For one thing, the NDP isn't conflicted by federal cousins who partnered with Dalton McGuinty's Liberals to implement the new tax. Instead, it’s tied to the only party in Ottawa that firmly opposed the policy.

For another, the NDP's position actually makes sense. The Tories have claimed the HST is a “tax grab,” which it’s really not. The NDP more accurately argues, at least sometimes, that it's a shifting of the tax burden from businesses to individuals. And that's something that, alone among the parties, it can very strongly and credibly oppose.

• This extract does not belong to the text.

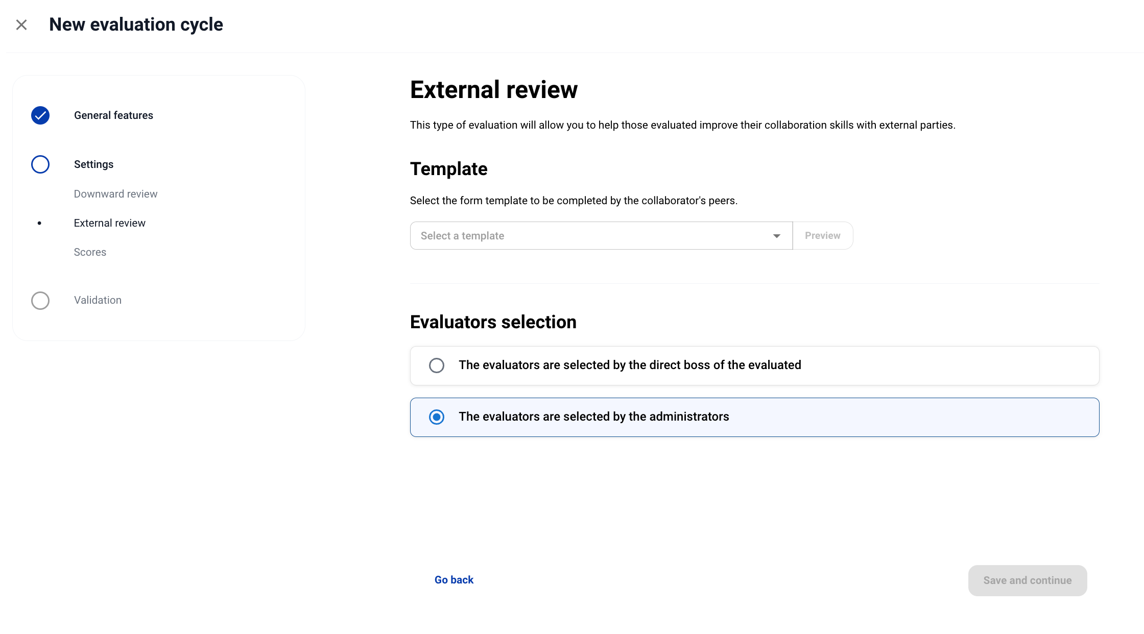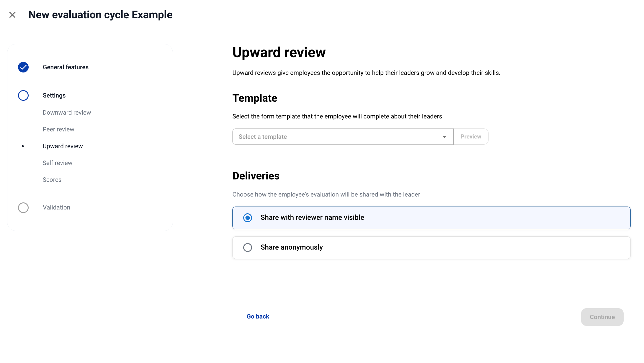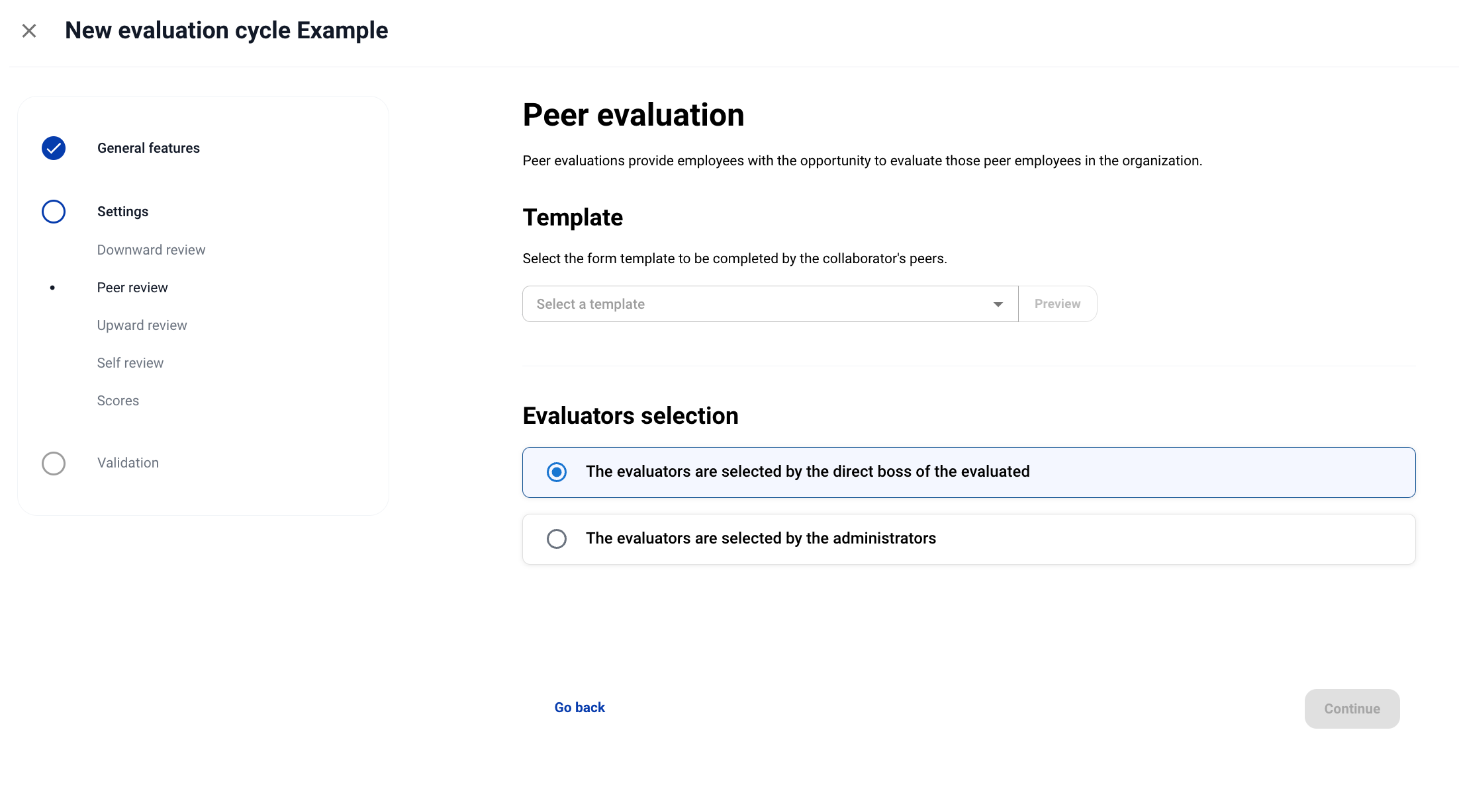 1. Изберете шаблон на формуляр, който да бъде попълнен от директния мениджър на сътрудника. Ако не виждате шаблон за избор, това е защото все още не сте създали такъв. За да го направите, отидете в раздела с шаблони в модула Performance.

Despite very limited resources, the third-place party has also often outflanked the Official Opposition on tactics. It was the NDP that caught the Liberals flatfooted this spring, with its release of a study based on Statistics Canada numbers that showed the average family’s costs going up by hundreds of dollars annually.
But while it's a plus for Radwanski to have noticed the NDP's message, it's worth wondering why he seems so surprised that a message identifying a tax issue would form an important part of the NDP's strategy - particularly when it fits so nicely with the party's focus on the cost of living as a key component of public well-being.

And there are plenty of examples to support the theory that the NDP can help itself by at least mentioning concern about taxes as part of its core message of fighting for the general public. After all, the most recent provincial NDP election win featured a platform plank to reduce taxes on home energy. Gary Doer's platform that took his government to power in 1999 featured some discussion of lower property taxes. And of course, Roy Romanow's victory in 1991 included a battle over Grant Devine's tax harmonization - meaning that there's a two-decade history of the NDP using the HST as a winning issue.

Of course, it's true enough that the NDP won't want to fuel a full-on anti-tax revolt. But it's been a regular and successful strategy for the NDP to campaign on citizen-friendly tax policies as a contrast to cuts and shifts which primarily benefit corporations and the wealthy. And the imposition of the HST has made this an ideal time for both Andrea Horwath and Carole James to carry on that legacy.